Partial resistance to HDAC inhibitors in FAPs of dystrophic muscles at late stages of disease is associated to epigenetic and transcriptional features of cellular senescence [RNA-seq]. Partial resistance to HDAC inhibitors in FAPs of dystrophic muscles at late stages of disease is associated to epigenetic and transcriptional features of cellular senescence [RNA-seq]

Pharmacological treatment of Duchenne Muscular Dystrophy (DMD) with histone deacetylase inhibitors (HDACi) is currently being tested in clinical trials. Pre-clinical studies performed in mdx mice - the mouse model of DMD - have shown that HDACi promote compensatory muscle regeneration, while inhibiting fibro-adipogenic degeneration, by targeting fibro-adipogenic progenitors (FAPs); however, these beneficial effects are restricted to early stages of disease progression. We show here that FAPs from late stage mdx mice exhibit epigenetic and transcriptional features of senescence that could not be fully reversed by HDACi. In particular, genome-wide increase in H3K9/14 acetylation at gene promoters of Senescence Associated Secretory Phenotype (SASP) genes was associated with their upregulation in late stage mdx FAPs. Treatment with the HDACi Trichostatin A (TSA) could inhibit SASP gene activation in FAPs, by decreasing H3K9/14 acetylation. Conversely, combinatorial decrease of H3K27 and/or H3K9/14 acetylation at promoters of genes required for cycle activation and progression was associated with their downregulation in FAPs from late stage mdx mice.
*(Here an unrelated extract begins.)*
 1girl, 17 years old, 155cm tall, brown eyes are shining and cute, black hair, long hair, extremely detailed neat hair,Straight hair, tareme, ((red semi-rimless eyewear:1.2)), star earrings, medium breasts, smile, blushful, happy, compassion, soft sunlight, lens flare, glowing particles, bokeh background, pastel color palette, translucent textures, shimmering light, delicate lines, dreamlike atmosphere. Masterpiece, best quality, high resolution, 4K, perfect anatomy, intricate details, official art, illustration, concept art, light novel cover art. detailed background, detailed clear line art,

However, these epigenetic and transcriptional alterations could not be reversed by TSA, due to a general resistance exhibited by FAPs from late stage mdx mice to HDACi-induced H3K9/14 hyperacetylation. Overall, this data reveal that disease-associated features of senescence develop in FAPs of DMD muscle through epigenetically distinct and pharmacologically dissociable events, and suggests that HDACi might at least retain anti- fibrotic and inflammatory activity at late stages of DMD, by repressing FAP-derived SASP. Overall design: Integrative analysis of 2 different histone modifications (H3K9/14ac and H3K27ac ChIP-seq) and expression profiling (RNAseq) in FAPs derived from mdx mice at early and late stages of disease progression in response to TSA treatment. Comparative analysis of FAP transcriptome to other muscle-derived cells (MUSCs and Macrophages) to evaluate cell-specific features.
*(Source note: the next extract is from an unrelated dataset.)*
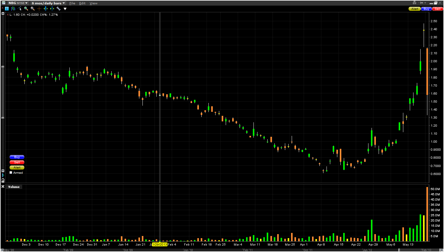 A tegnapi napon új részvényopciós hónap indult az NBG papírokra, és egy érdekességre lettek figyelmesek a szemfülesek. 1,5 dolláros strike áron a put opciók 40 dollárcentes prémium mellett forogtak. (Egy részvényopció 100 darab részvényre vonatkozik, tehát egyetlen opcióval valójában 40 dollárért kereskedhettünk).

当前针对杜氏肌营养不良症（Duchenne Muscular Dystrophy, DMD）的组蛋白去乙酰化酶抑制剂（HDACi）疗法，目前正处于临床试验阶段。在DMD的经典小鼠模型mdx小鼠中开展的临床前研究显示，HDACi可通过靶向脂肪生成祖细胞（FAPs），促进代偿性肌肉再生并抑制脂肪纤维化变性，但这类有益效应仅局限于疾病进程的早期阶段。 本研究证实，晚期mdx小鼠的FAPs呈现出细胞衰老的表观遗传与转录特征，且此类特征无法被HDACi完全逆转。具体而言，衰老相关分泌表型（SASP）基因的启动子区域H3K9/14乙酰化水平的全基因组升高，与晚期mdx小鼠FAPs中该类基因的上调表达显著相关。经HDACi曲古抑菌素A（TSA）处理后，可通过降低H3K9/14乙酰化水平，抑制FAPs中的SASP基因激活。 与之相反，细胞周期激活与进程所需基因的启动子区域H3K27及/或H3K9/14乙酰化水平的协同降低，与晚期mdx小鼠FAPs中该类基因的下调表达密切相关。但由于晚期mdx小鼠的FAPs普遍对HDACi诱导的H3K9/14高乙酰化产生抗性，TSA无法逆转这类表观遗传与转录改变。 综上，本研究数据表明，DMD肌肉FAPs中出现的疾病相关衰老特征，是通过表观遗传层面独立且药理学上可分离的事件介导的；同时研究提示，HDACi或可通过抑制FAPs分泌的SASP，在DMD疾病晚期仍保留抗纤维化与抗炎活性。 整体实验设计：对不同疾病进程阶段（早期与晚期）的mdx小鼠来源的FAPs，经TSA处理后，开展两种组蛋白修饰（H3K9/14ac与H3K27ac染色质免疫共沉淀测序, ChIP-seq）及表达谱分析（RNA测序, RNA-seq）的整合分析。同时将FAPs的转录组与其他肌肉来源细胞（肌干细胞, MUSCs与巨噬细胞, Macrophages）进行比较分析，以评估细胞的特异性特征。